Adrian Owen’s quest for consciousness

Imagine you were entirely conscious but unable to move — your eyes could be open, you might twitch, but the movements would be completely involuntary. In short, you would be just as conscious as you are right now but totally incapable of communication. What would you give for someone to figure out that you were, indeed, fully awake?

Adrian Owen

Neuroscientist Adrian Owen has dedicated his career to determining consciousness in vegetative patients. Since 1997, he has used brain-scanning techniques and, most recently, functional magnetic resonance imaging, to measure brain activity.

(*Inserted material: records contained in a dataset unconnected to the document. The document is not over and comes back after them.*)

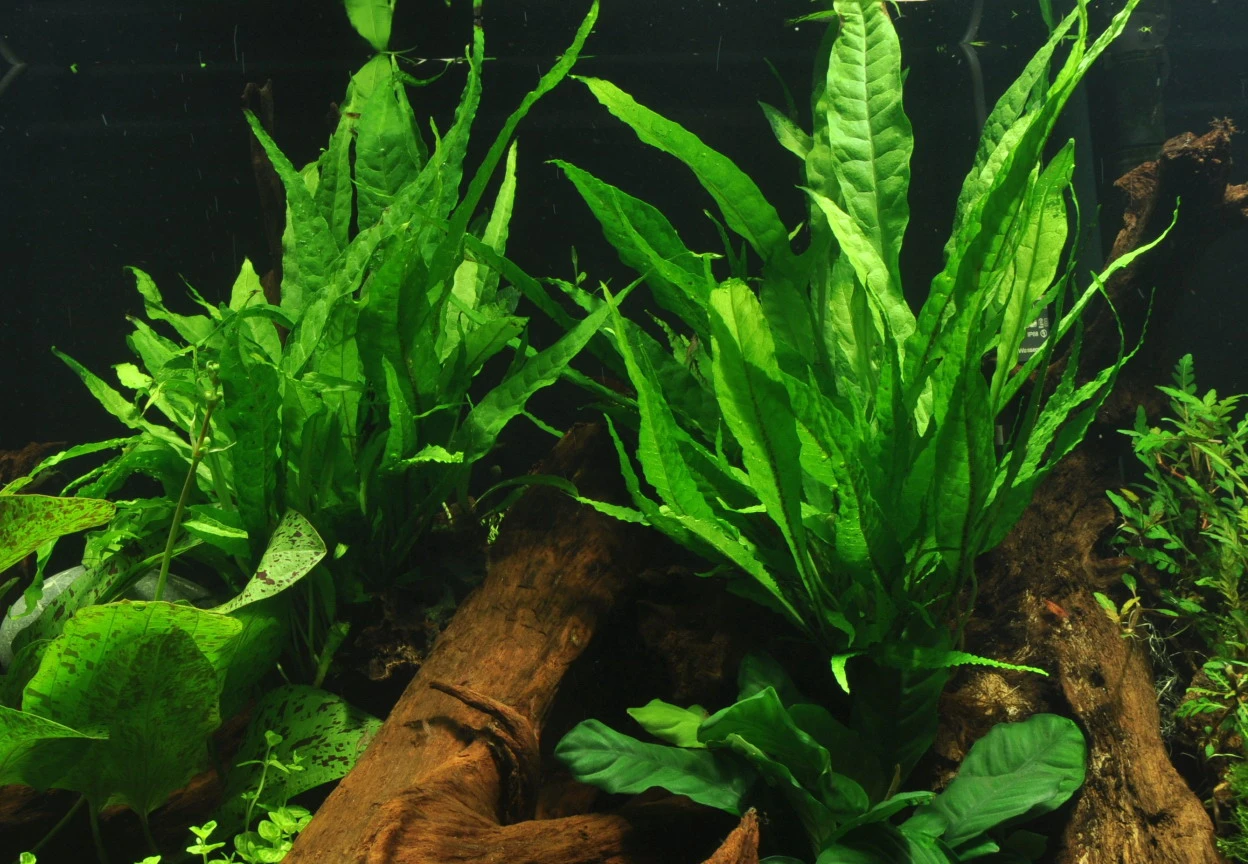 Das Javafarn auch Schwarzwurzel-Farn genannt ist ein sehr anspruchloses Wasserfarn, das mit wenig Licht sehr gut zurecht kommt und auf einer Wurzel oder einem Stein wachsen sollte. Bis es angewachsen ist sollte es mit einer Nylonschnurfixiert werden. Falls es in den Bodengrund gepflanzt wird, darf der Wurzelstock nicht bedeckt werden, da er sonst fault. Es lässt sich leicht durch Teilung des waagerechten Wurzelstocks (Rhizom) vermehren. Eine anspruchslose Pflanze, die unter allen Bedingungen wächst. Die schwarzen Flecken, die sich auf der Unterseite der Blätter bilden, sind Sporenbehälter (Vermehrungsorgane) und nicht wie manchmal vermutet eine Erkrankung. Adaptiv-Pflanzen bilden sich bei guter Pflege von selber an den Blattspitzen. Schöne Pflanze für Garnelen- als auch für Barschbecken.
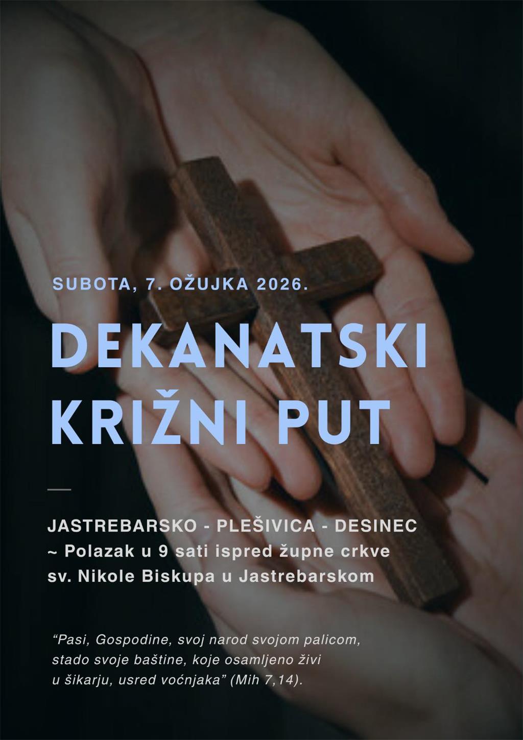 Dekanatski križni put Jastrebarskog dekanata održat će se u subotu 7. ožujka 2026. Okupljanje i početak križnog puta bit će u 9 sati u župnoj crkvi sv. Nikole biskupa u Jastrebarskom. Zatim ruta ide preko Župe Plešivica do župne crkve sv. Ivana Krstitelja u Desincu gdje će se slaviti sveta misa.
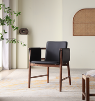 Chaise de loisir au design simple JP, en bois massif, confortable, avec accoudoirs en cuir et assise en éponge, pour salle à manger, hôtel
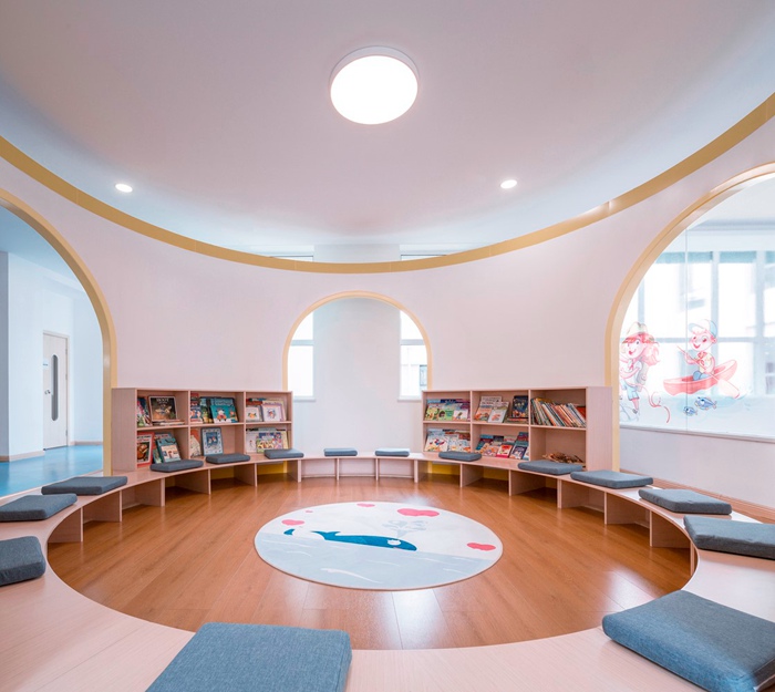 另外,二三层是教学空间,在采用严格的安全保护措施的同时,注重挖掘公共场所的空间潜质,增加了多个把很多孩子聚集在一个的场所,挖掘建筑内部流动性,使其成为随时可以游戏体验与身体锻炼互动体系。教室的走廊设置有圆形的街角阅读,孩子们可以选择不同方向的拱门进入,也可以选择不同的角落阅读。不但刺激孩子们阅读兴趣,又可以大大增加他们和不同年级互动的机会。
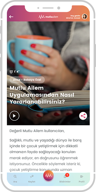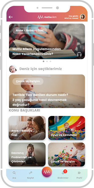 Kullandıkça gelişen, çocuğunuzun yaşına ve güncel gelişmelere paralel olarak özgünleştirilen bildirimler. Sizi hem motive edecek hem de aileniz için güzel şeyler yapmaya ilham olacak.
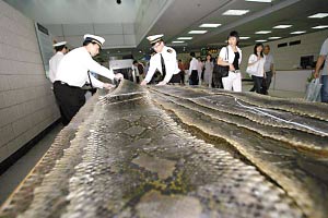 16張數(shù)米長(zhǎng)的蟒蛇皮,展開(kāi)鋪在海關(guān)查驗(yàn)臺(tái)上。日前旅客賴某想走私這些國(guó)家一級(jí)保護(hù)野生動(dòng)物蟒蛇皮進(jìn)境牟利,在拱北口岸就被查獲。這些蟒蛇皮每張長(zhǎng)度在3~5米左右。這是拱北口岸首次查獲旅客攜帶蟒蛇皮進(jìn)境走私案。(記者陳治家 通訊員黃慧賢、張建林?jǐn)z)
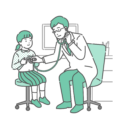 小児科・子供の健康白衣を着用した男性医師が、体調不良を訴える男の子(幼児〜小学生)に対して「聴診」を行っている小児科診察のイラストです。 男の子は冷や汗をかいており、医師は真剣な表情で心音や呼吸音の異常(喘鳴・ラ音・心雑音など)を確認しています。 子供の「気管支喘息」の発作時や、インフルエンザ・肺炎による高熱、あるいはマイコプラズマ肺炎などの呼吸器疾患の診断シーンとして、小児救急や感染症流行期の医療情報サイト、保護者向け資料などに最適です。
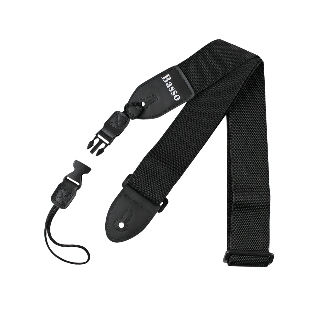 É composta de CORREIA (QRV-04) + CORDÃO (QRV) que consiste num exclusivo sistema de engate-desengate (Quick Release) para engatar no braço dos VIOLÕES QUE NÃO POSSUEM UMA DAS ROLDANAS para engatar a correia.
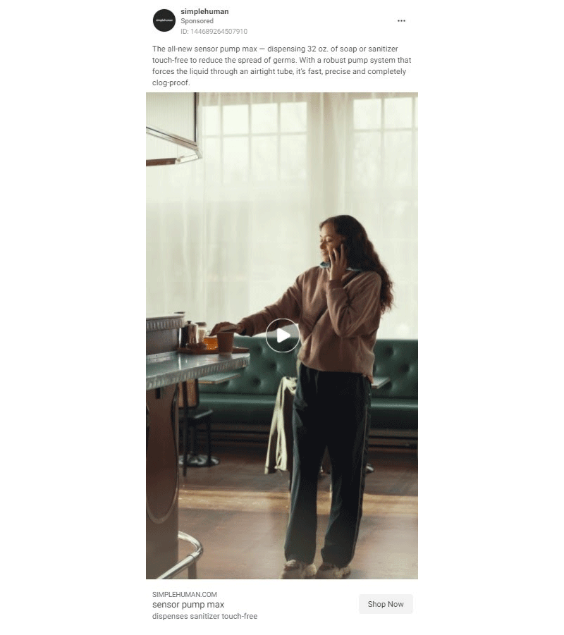 In the example above, simplehuman sells the image of a desirable home and lifestyle. The crisp lighting and high production values make the product look great, but the video sells much more than just a product.
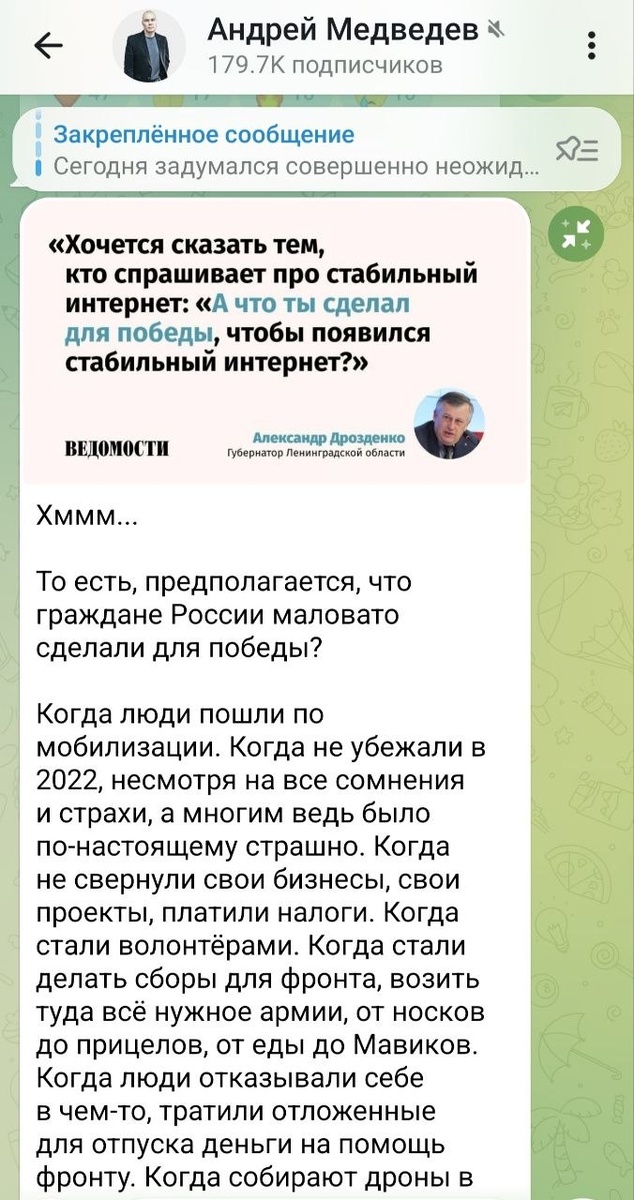 Депутат Госдумы Евгений Фёдоров прокомментировал публикацию журналиста Андрея Медведева о том, что россияне уже сделали достаточно для победы и вправе задавать вопросы. «Интересная дискуссия! Конечно, люди молодцы, но для получения победы нужна функция людей как части "единственного источника власти, народа", принять решение об отмене народом своего решения 1991-93гг по предательству Отечества, и принять сейчас решение по восстановлению суверенитета. А он, Народ, пока это решение принять не хочет. И автору поста такое решение то же не нужно. Отсюда и наезд на губернатора Дрозденко, который сказал правильные вещи», — написал политик. Депутат Фёдоров напомнил слова Вышинского на процессах против шпионов 30х годов: «Они прячутся под маской патриотизма, и при этом организуют поражение СССР в войне, а нам нужна не демагогия, замаскированная под патриотизм, нам нужна Победа и восстановление Отечества». @belrusinfo
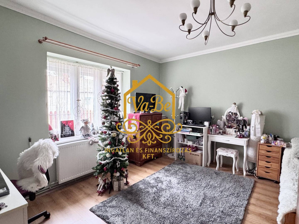 Az egész ház napfényes, világos. Felújítása során minőségi anyagokat használtak. A szobákat laminált lappal, a többi helyiséget járólappal burkolták.
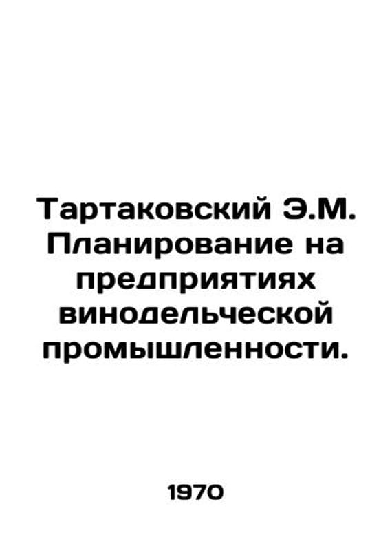 Tartakovsky E.M. Planning in the wine industry. In Russian /Tartakovskiy E.M. Planirovanie na predpriyatiyakh vinodelcheskoy promyshlennosti. M. Food industry 1970. 316s. We have thousands of titles and often several copies of each title may be available. Please feel free to contact us for a detailed description of the copies available. SKUalb9c1536e723060b6c.
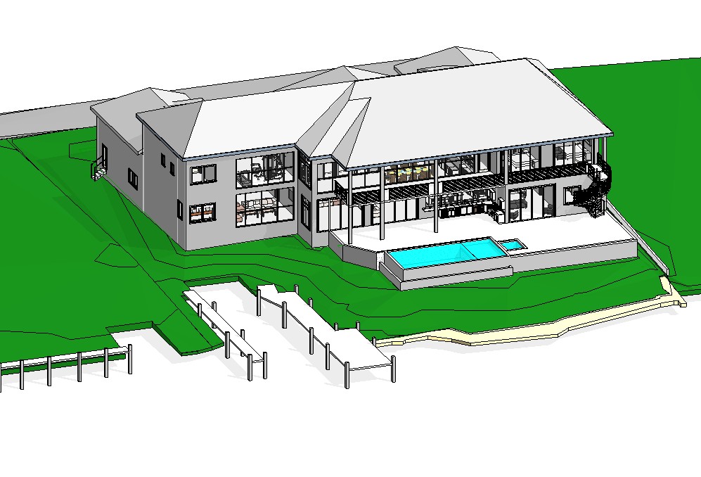 the home is situated on turquois bay waters that occupy all of the foreground that is shown in white with no beach the background behind the house is tropical hardwood and palm trees there is a dock shown on the left side the pool shown is infinity edge with spa next to it the walls of the home are light colored there is a coral stone facade on the lower level the roof is light colored metal there is a spiral staircase coming down from the balcony on the right front side no tree is on right side of deck
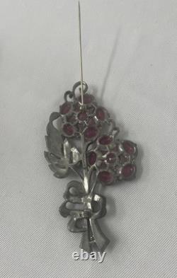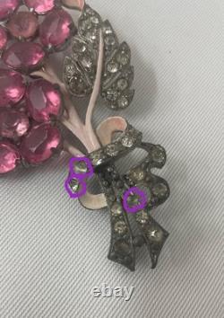 This is a signed Staret brooch. There are three small white rhinestones missing, circled in purple in the photo collage. The brooch is about 4 tall.
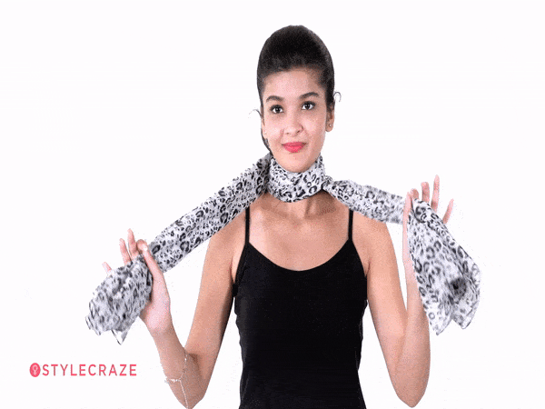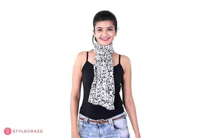 You need to loop your scarf around your neck and let the ends of it hang. Now you can tie and then pull so that you can secure it at the neck. It seems that you wear a new scarf every day but in actual, there is a single twist in that.

“We have a logical problem here,” he told the PopTech audience Saturday evening. “If a patient was conscious but incapable of generating responses, which is the hallmark of vegetative state, we would logically have no way of knowing if that person was conscious.”

Since command following is the most effective means of determining consciousness, Owen devised a rather simple experiment – he would have patients imagine performing physical activities upon command. “When you imagine things, the same areas of brain will activate as if you were actually doing that thing,” he said. “The point is to get this person to think about…initiating movement. When you ask someone to relax, the brain activity disappears.”

In 2006, Owen and his team had a rather improbable breakthrough. Using functional magnetic resonance imaging, they were going to measure brain activity in a vegetative patient. “We had a young woman who had been in a road traffic accident and was entirely vegetative for five months,” he said. “She was the very first patient we tried this technique on. We asked her to imagine playing tennis. And she activated the same area of her brain as a healthy volunteer despite outwardly showing no signs of being conscious. When we asked her to relax, the activity disappeared.”

Owen’s team then had her imagine moving from room to room in her house. “She activated all three regions of the brain we would expect in a healthy person. On this basis, we determined she wasn’t vegetative at all. She was command following.”

They went on to follow other patients. Over the course of the next few years, they tested 23 patients. 17% of them were determined to be entirely conscious.

“The question now is can we hone this tech to actually communicate with these individuals?” he said. “Can we turn this into a rudimentary language?”

Owen’s work has really just begun and he shared a story that exemplifies why he does what he does.  In 1997, Owen and his team were studying a young woman who for all appearances had been vegetative for months.

“We put her in the scanner and we really had no idea what we were doing. We showed her photographs of her family and her brain lit up like a Christmas tree. We didn’t know if we could interpret that as consciousness or not but we knew something was happening," he said. “She eventually came out of it and even though she’s severely disabled she still emails us regularly.

”Not too long ago, there was a question of whether to continue using yes/no questions with patients.  She sent us an email saying that one time a physiotherapist had been asking her why she was making so much noise. She wanted to explain to him that she was screaming in severe pain and if it had been possible to ask her a yes/no question, she could have told him.”